Records excerpted from a collection
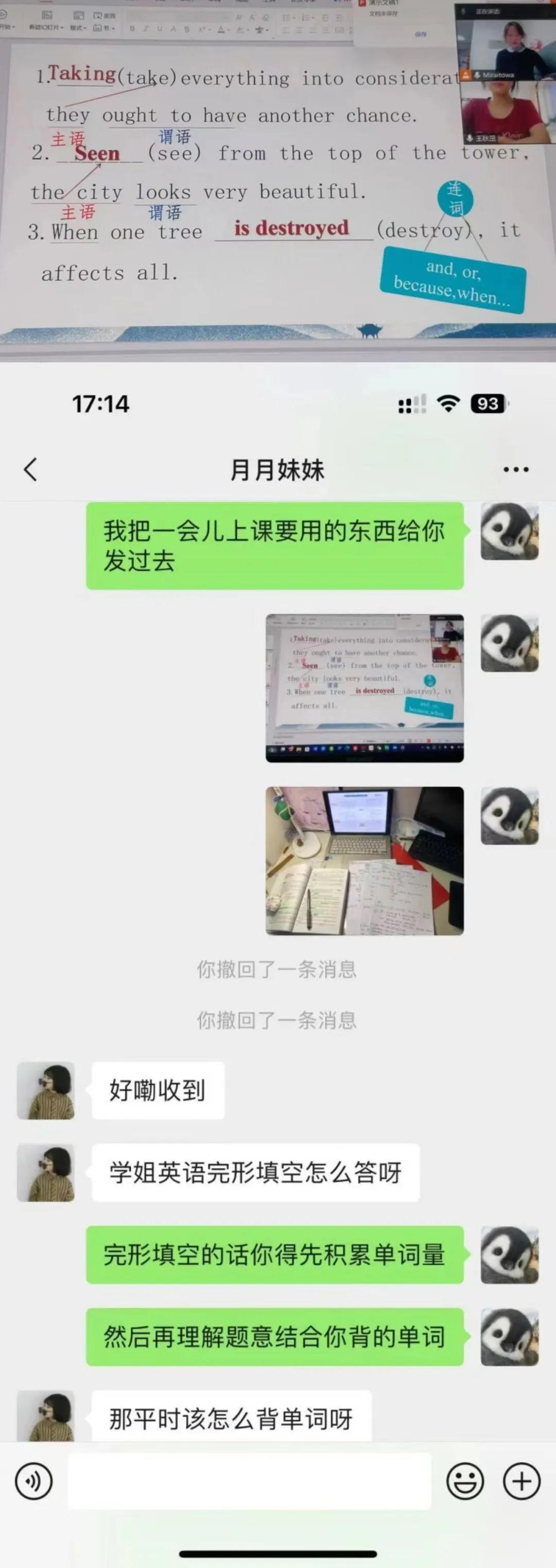 活动开展以来,我院一批政治觉悟高、业务素质好的优秀青年积极主动报名参加,并在第一时间完成结对子。“学伴+”志愿者们根据服务对象年级、学科、主要学业帮助诉求等,组建“一对一”、“多对一”的学业帮帮团,通过微信、QQ等即时通讯软件,及时解答服务对象学业问题,用热情与真诚践行志愿精神,得到了学生家长和学生们的一致认可和好评。接下来让我们一起看看成人直播
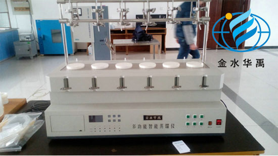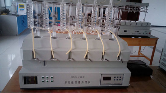 智能一體化蒸餾儀主要由加熱裝置、蒸餾裝置、循環冷卻水裝置和接收裝置四部分組成。加熱裝置設置了加熱速率智能控制功能,可實現加熱溫度和加熱效率精密控制;蒸餾裝置為專利性設計,蒸餾效率高、冷凝效果好;循環冷卻裝置設置了冷卻溫度顯示和控制功能,可確保冷卻效果。接收裝置設置了蒸餾終點檢測和自動停止加熱功能,實現了智能加熱控制。
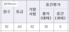 시험은 객관식이어서 점수에 따라 성적이 정해져 있지만, 과제의 경우 대부분 주관식이라 성적이 잘 나오는 편입니다. 부족하더라도 포기하지 말고 조금이라도 해서 제출하면 기본 점수가 있는지 꽤 높은 성적을 받을 수 있습니다. 만약 장학금을 받고 싶다면 열심히 해서 만점(4.5) 받아야 해서 조금 힘들지만, 좋은 성적 내기는 어렵지 않은 것 같습니다. 코로나 19로 모든 시험이 과제로 대체되어서 저는 나름 학점이 높은 편입니다.
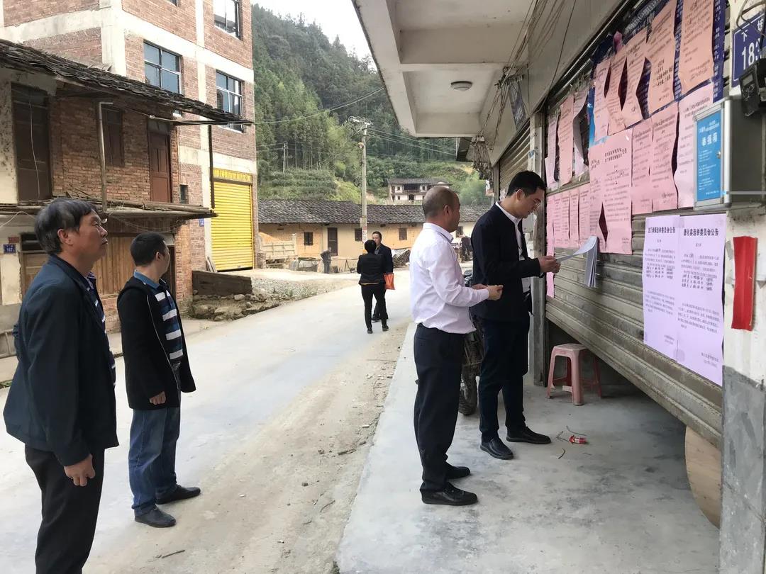 郭顺明(右一)到德化县龙门滩镇督导村级组织换届风气监督工作(蔡翔 摄)
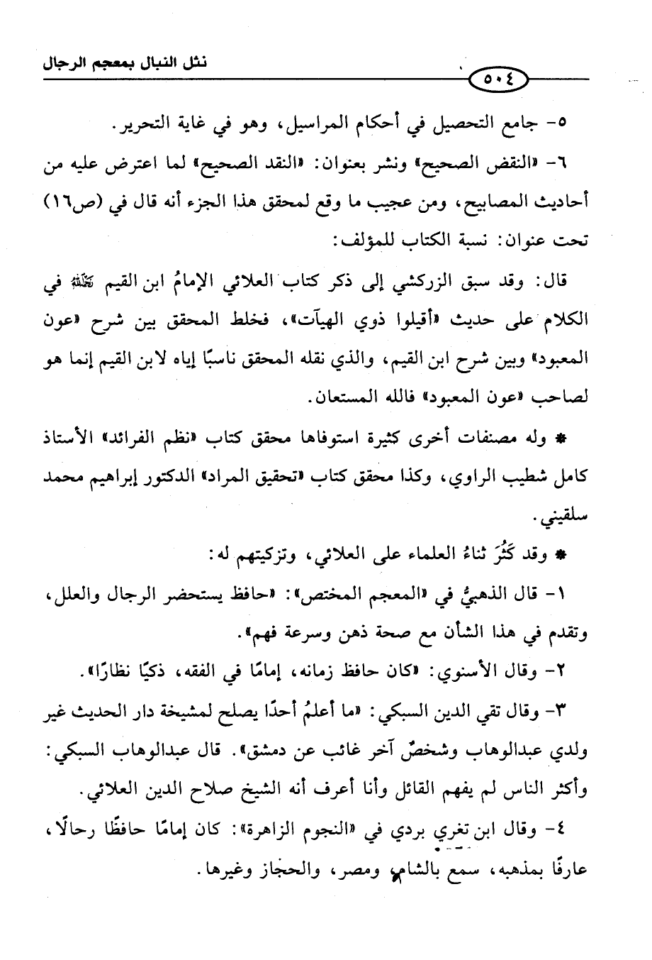 6 - "النقض الصحيح" ونشر بعنوان: "النقد الصحيح" لما أعترض عليه من أحاديث المصابيح، ومن عجيب ما وقع لمحقق هذا الجزء أنه قال في (ص 16) تحت عنوان: نسبة الكتاب للمؤلف: قال: وقد سبق الزركشي إلى ذكر كتاب العلائي الإمامُ ابن القيم -رحمه الله- في الكلام على حديث "أقيلوا ذوي الهيآت"، فخلط المحقق بين شرح "عون المعبود" وبين شرح ابن القيم، والذي نقله المحقق ناسبًا إياه لابن القيم إنما هو لصاحب "عون المعبود" فالله المستعان.
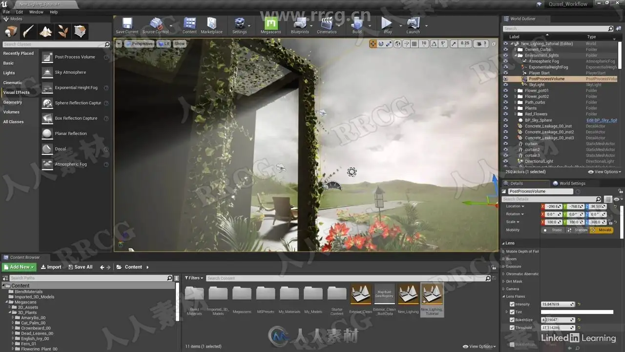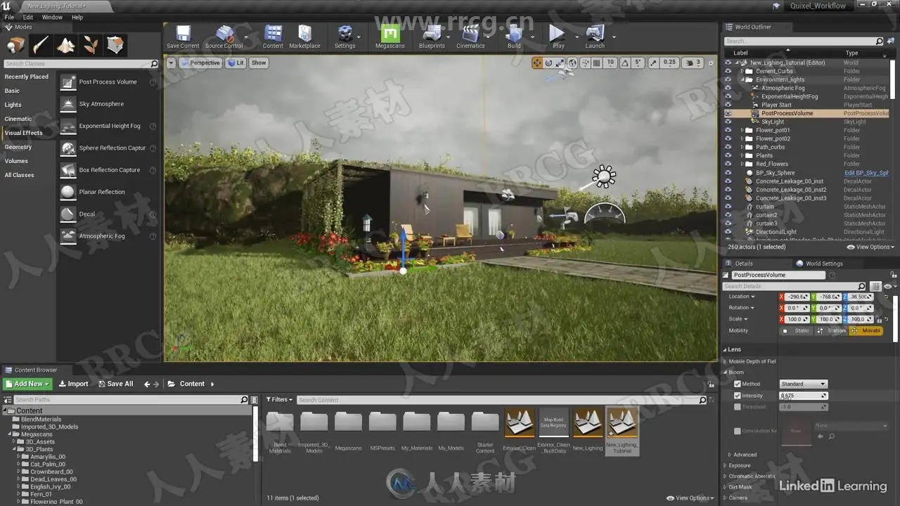 Bring photorealistic architectural scenes to life using Quixel Megascans. In this course, join instructor Zaheer Mukhtar as he shows how to use Megascans—a library of scanned assets and powerful tools that are free to use with Unreal Engine—in your architectural visualization workflow. Zaheer begins by covering the basics of Megascans, including how to install Quixel Bridge, set up a library path, and export Megascans assets from Bridge to Unreal Engine 4 (UE4) to populate your scene. He then shows how to lay out a realistic outdoor architectural scene in UE4. Learn how to assign materials and surfaces to different objects, block out the layout, set up landscapes, place 3D plants throughout a scene, and set up lighting and post processing effects in UE4.

Work request | Output each entry above word for word. The pictures stay out.

Result for this exercise |
 活动开展以来,我院一批政治觉悟高、业务素质好的优秀青年积极主动报名参加,并在第一时间完成结对子。“学伴+”志愿者们根据服务对象年级、学科、主要学业帮助诉求等,组建“一对一”、“多对一”的学业帮帮团,通过微信、QQ等即时通讯软件,及时解答服务对象学业问题,用热情与真诚践行志愿精神,得到了学生家长和学生们的一致认可和好评。接下来让我们一起看看成人直播
 智能一體化蒸餾儀主要由加熱裝置、蒸餾裝置、循環冷卻水裝置和接收裝置四部分組成。加熱裝置設置了加熱速率智能控制功能,可實現加熱溫度和加熱效率精密控制;蒸餾裝置為專利性設計,蒸餾效率高、冷凝效果好;循環冷卻裝置設置了冷卻溫度顯示和控制功能,可確保冷卻效果。接收裝置設置了蒸餾終點檢測和自動停止加熱功能,實現了智能加熱控制。
 시험은 객관식이어서 점수에 따라 성적이 정해져 있지만, 과제의 경우 대부분 주관식이라 성적이 잘 나오는 편입니다. 부족하더라도 포기하지 말고 조금이라도 해서 제출하면 기본 점수가 있는지 꽤 높은 성적을 받을 수 있습니다. 만약 장학금을 받고 싶다면 열심히 해서 만점(4.5) 받아야 해서 조금 힘들지만, 좋은 성적 내기는 어렵지 않은 것 같습니다. 코로나 19로 모든 시험이 과제로 대체되어서 저는 나름 학점이 높은 편입니다.
 郭顺明(右一)到德化县龙门滩镇督导村级组织换届风气监督工作(蔡翔 摄)
 6 - "النقض الصحيح" ونشر بعنوان: "النقد الصحيح" لما أعترض عليه من أحاديث المصابيح، ومن عجيب ما وقع لمحقق هذا الجزء أنه قال في (ص 16) تحت عنوان: نسبة الكتاب للمؤلف: قال: وقد سبق الزركشي إلى ذكر كتاب العلائي الإمامُ ابن القيم -رحمه الله- في الكلام على حديث "أقيلوا ذوي الهيآت"، فخلط المحقق بين شرح "عون المعبود" وبين شرح ابن القيم، والذي نقله المحقق ناسبًا إياه لابن القيم إنما هو لصاحب "عون المعبود" فالله المستعان.
 Bring photorealistic architectural scenes to life using Quixel Megascans. In this course, join instructor Zaheer Mukhtar as he shows how to use Megascans—a library of scanned assets and powerful tools that are free to use with Unreal Engine—in your architectural visualization workflow. Zaheer begins by covering the basics of Megascans, including how to install Quixel Bridge, set up a library path, and export Megascans assets from Bridge to Unreal Engine 4 (UE4) to populate your scene. He then shows how to lay out a realistic outdoor architectural scene in UE4. Learn how to assign materials and surfaces to different objects, block out the layout, set up landscapes, place 3D plants throughout a scene, and set up lighting and post processing effects in UE4.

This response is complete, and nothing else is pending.